製造現場でのAIモデルの運用を支援する仕掛けとして、運用管理ソフトウェア「COLMINA 現場品質AI」も導入した。複数の設備に組んだAIモデルを一元管理できるようにした。予測精度を維持できているかどうかを、AIモデルの推論結果と検査結果を照らし合わせて常に監視する。蓄積した予測結果からAIモデルのチューニング時期を判断し、必要に応じてAIモデルの再学習と展開を実施できる。

実運用前には実証実験も実施した。2019年12月から2020年12月にかけてAIモデルの実証を群馬製作所大泉工場で実施した。1年間の量産での研削加工工程において、AIモデルが高精度に加工品質を予測可能で、実運用でも確実な品質保証が期待できるという結果を得た。

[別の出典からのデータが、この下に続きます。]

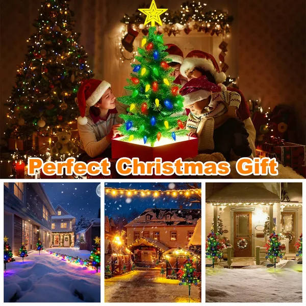 *Perfect Christmas Decoration & Gift*:This 8 Modes Solar Christmas Tree Pathway Light with adorable Christmas decor is an ideal decoration in Christmas to create a lively,romantic and fantastic atmosphere after inserting them in your backyard,front door,garden,making this holiday season unforgettable!It's also a perfect present gift for your parents, friends, or your neighbor.
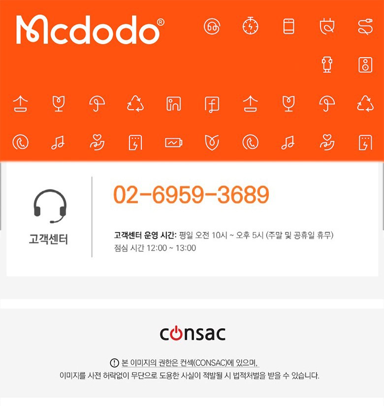 | 제조자(수입자) | Mcdodo / 컨섹(CONSAC) | 제조국 | 중국 |

さらに、量産運用を想定した「COLMINA 現場品質AI」の開発・実証を2020年8月から2021年12月にかけて実施した。精度維持のための定期的な確認、精度低下時のAIモデルの再学習、エッジデバイスへの再導入、などを繰り返し実施する仕組みを検証した。AIモデルを組み込んだ各種設備のデータをリアルタイムに処理する仕組みも検証した。

SUBARUと富士通は今後、今回の取り組みをリファレンスとし、カムシャフト以外の部品を含めた群馬製作所全体に横展開を推進する。